Erschienen in der astro-inside Ausgabe März 2010

Seit den 80er Jahren des letzten Jahrtausends werden wir verstärkt mit Kindern konfrontiert, die uns an unsere Grenzen bringen. Kinder, die „anders“ sind oder „seltsam“.  Ist das Zufall? Oder Schicksal? Was sind das für Kinder, die in diese Zeit hineingeboren werden und sich so schwer tun „normal“ zu sein?

Die modernste Bezeichnung dieser Kinder ist wohl die, des Indigo-Kindes.
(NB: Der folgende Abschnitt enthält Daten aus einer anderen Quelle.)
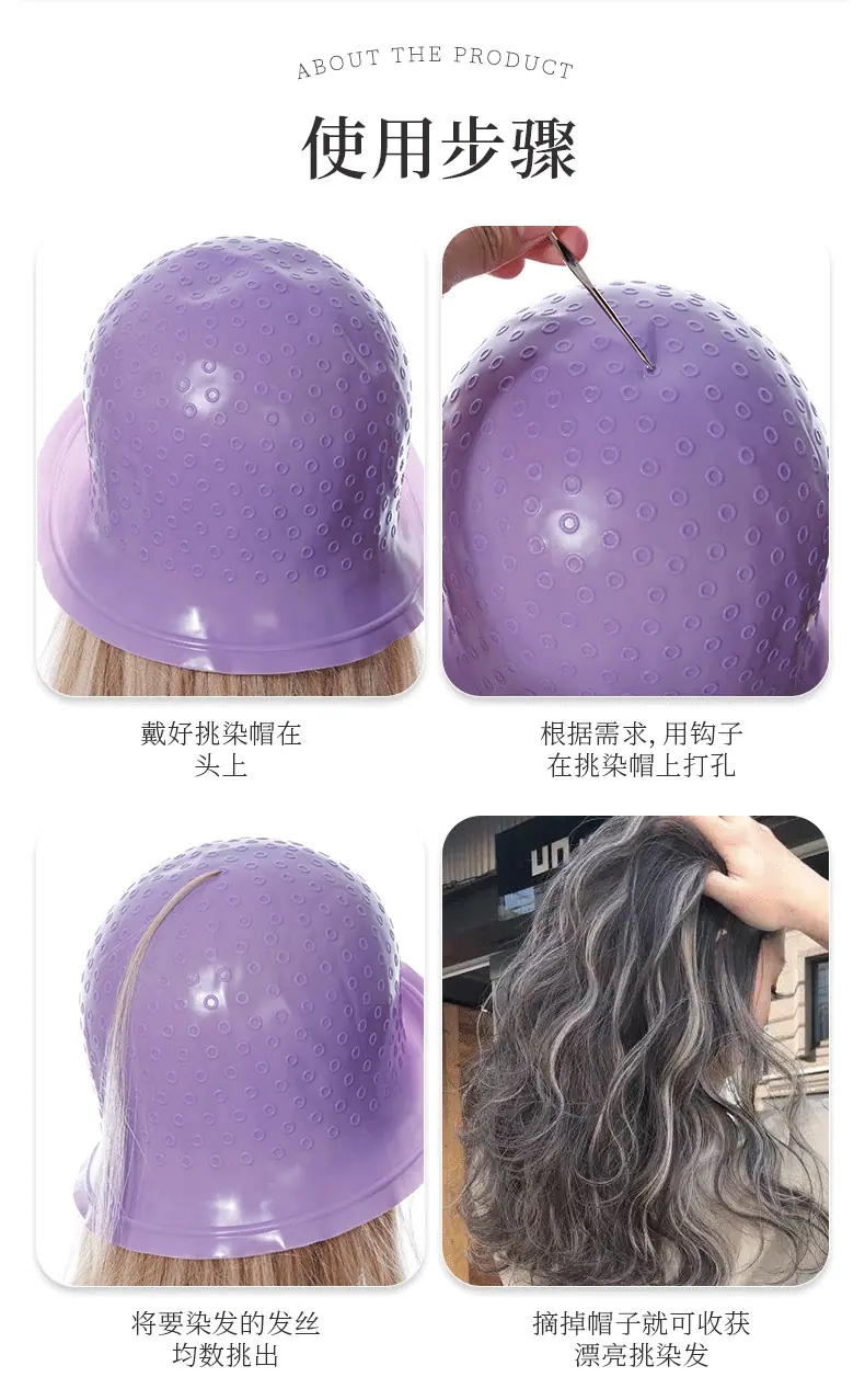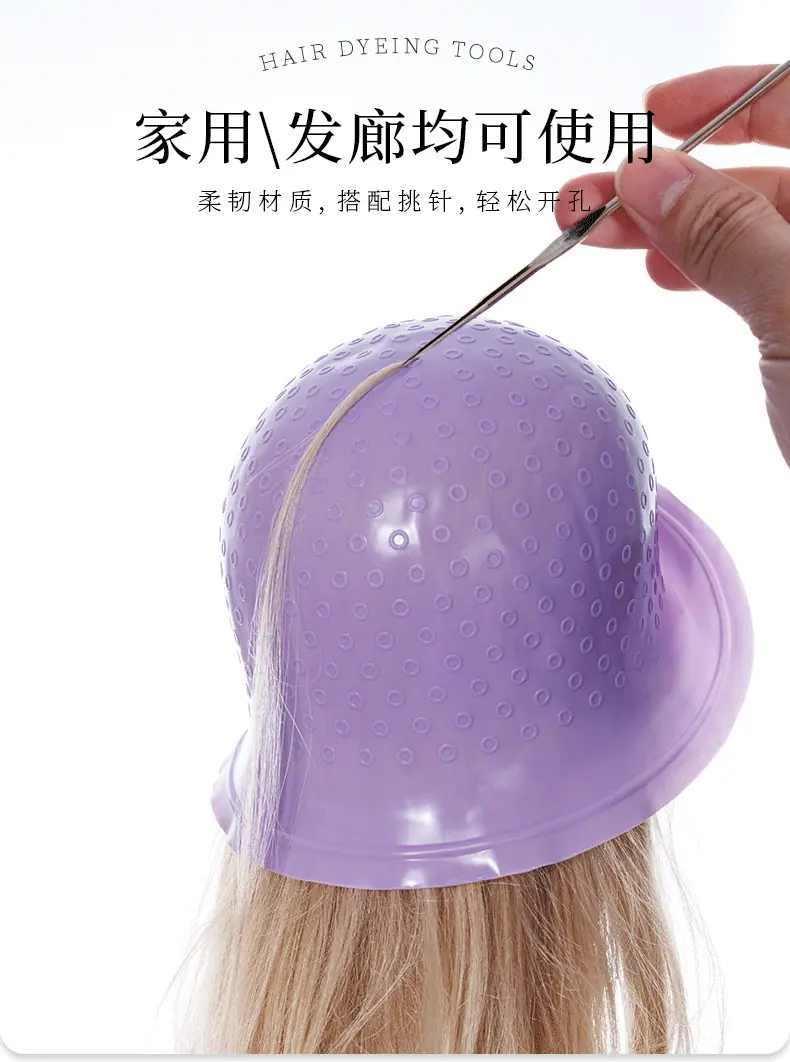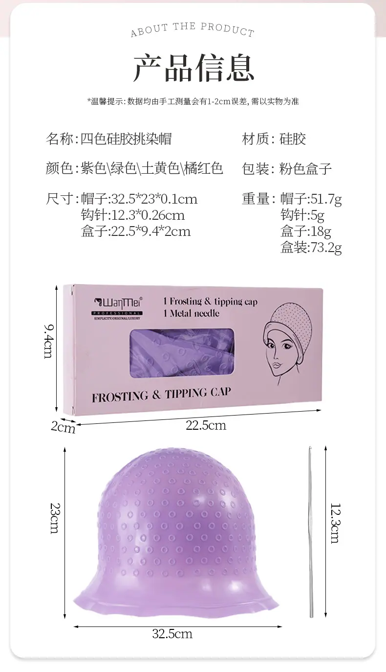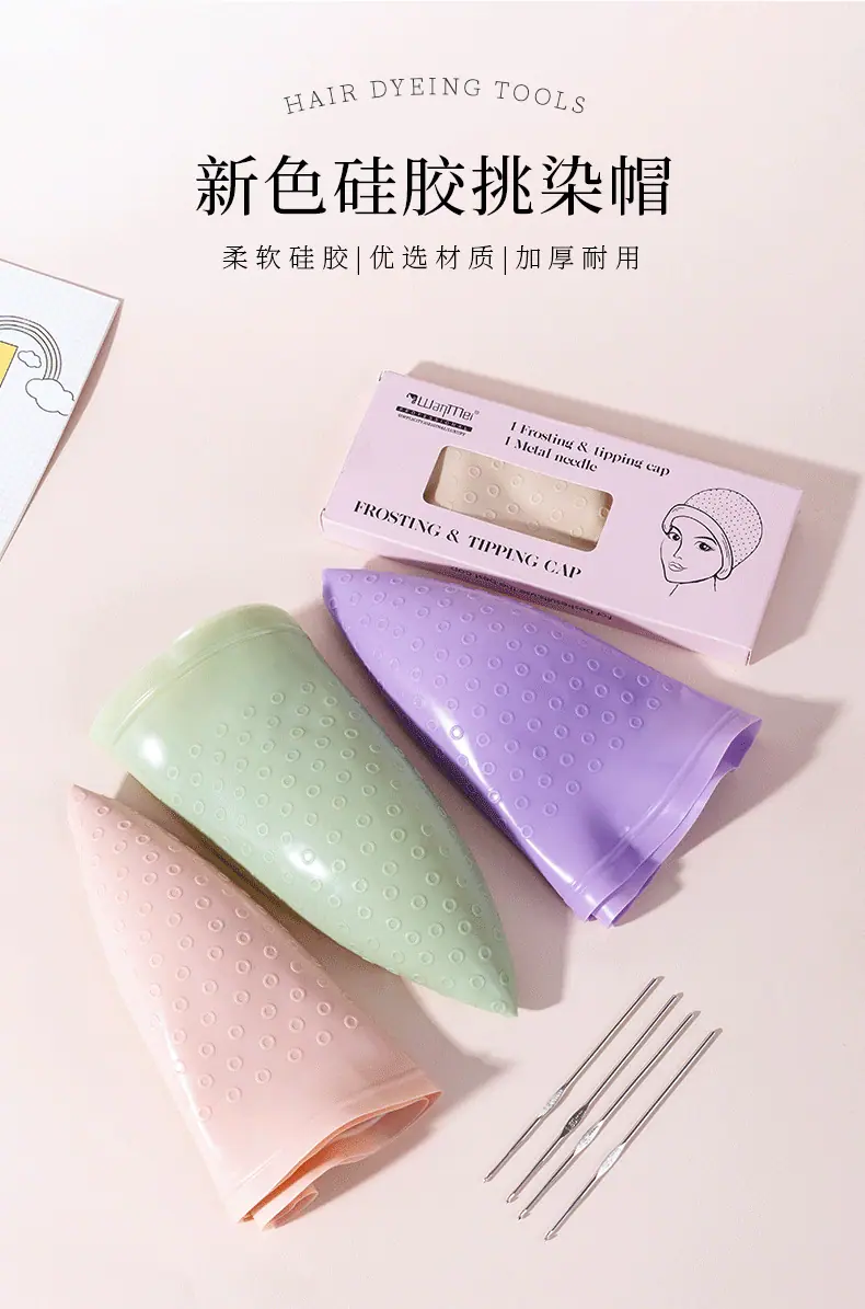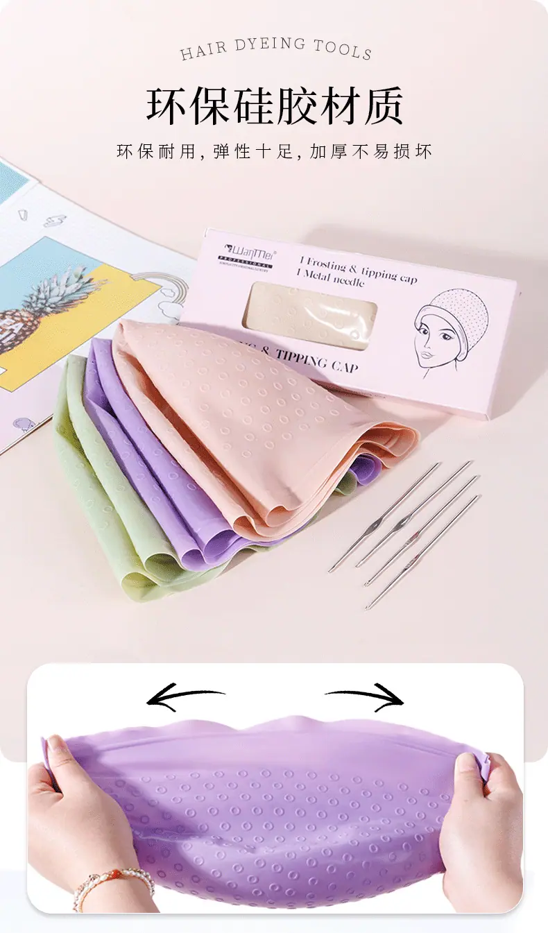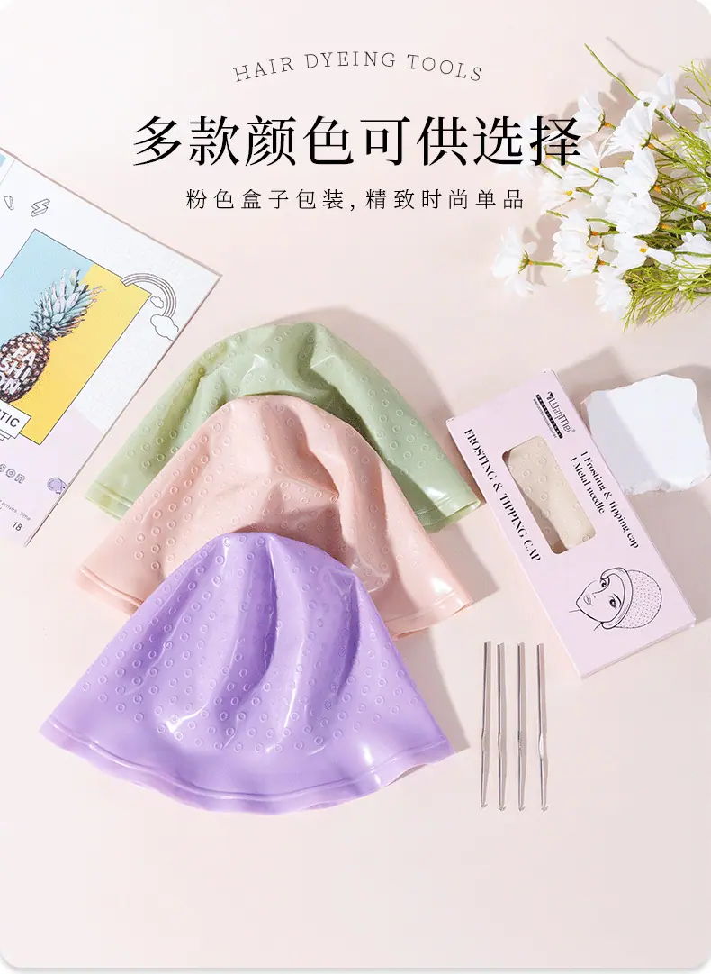 Herramientas al por mayor de fábrica para teñir el cabello, gorro de silicona para reflejos, gorro para teñir el cabello, gorro de aceite, colorido multicolor con ganchillo en stock

Geht man den streng wissenschaftlichen Gedanken nach, dann gibt es so etwas wie ein Indigo-Kind nicht. Zumindest ist die Wissenschaft im Moment nicht bereit, etwas, dass es nicht geben kann, zuzulassen. Das ist jedoch keine neue Vorgehensweise. Erinnern wir uns an die Zeit zurück als es um die Akupunktur als Heilmethode ging oder an die Theorie der schwarzen Löcher, die früher kategorisch abgelehnt wurde, um sie dann später doch anzuerkennen.

Wenden wir uns der Esoterik zu, finden wir sowohl umfangreiche als auch einfache Definitionen der Indigo-Kinder. Der Name Indigo leitet sich von der Farbe des 6. Chakra, auch Stirnchakra oder 3. Auge genannt, ab.

Die markantesten Eigenschaften der Indigo-Kinder:

1.     Sie wirken auf  ihr Umfeld schon in jungen Jahren wissend und weise, teilweise arrogant.

2.     Sie stellen jede Autorität in Frage.

3.     Sie hinterfragen jede Sache und Handlung mit „Warum?“.

4.     Sie versuchen starre Strukturen aufzubrechen.

5.     Sie entwickeln stets neue Konzepte, bringen ungewöhnliche Ideen ein, um Ziele zu erreichen.

6.     Sie können sich nur sehr schwer auf andere Menschen einlassen.

7.     Sie zeigen häufig Symptome einer Aufmerksamkeitsdefizit-/Hyperaktivitätsstörung (ADS/ADHS).

8.     Sie sind sehr Intelligent, sehr neugierig und haben keine Angst vor neuer Technik.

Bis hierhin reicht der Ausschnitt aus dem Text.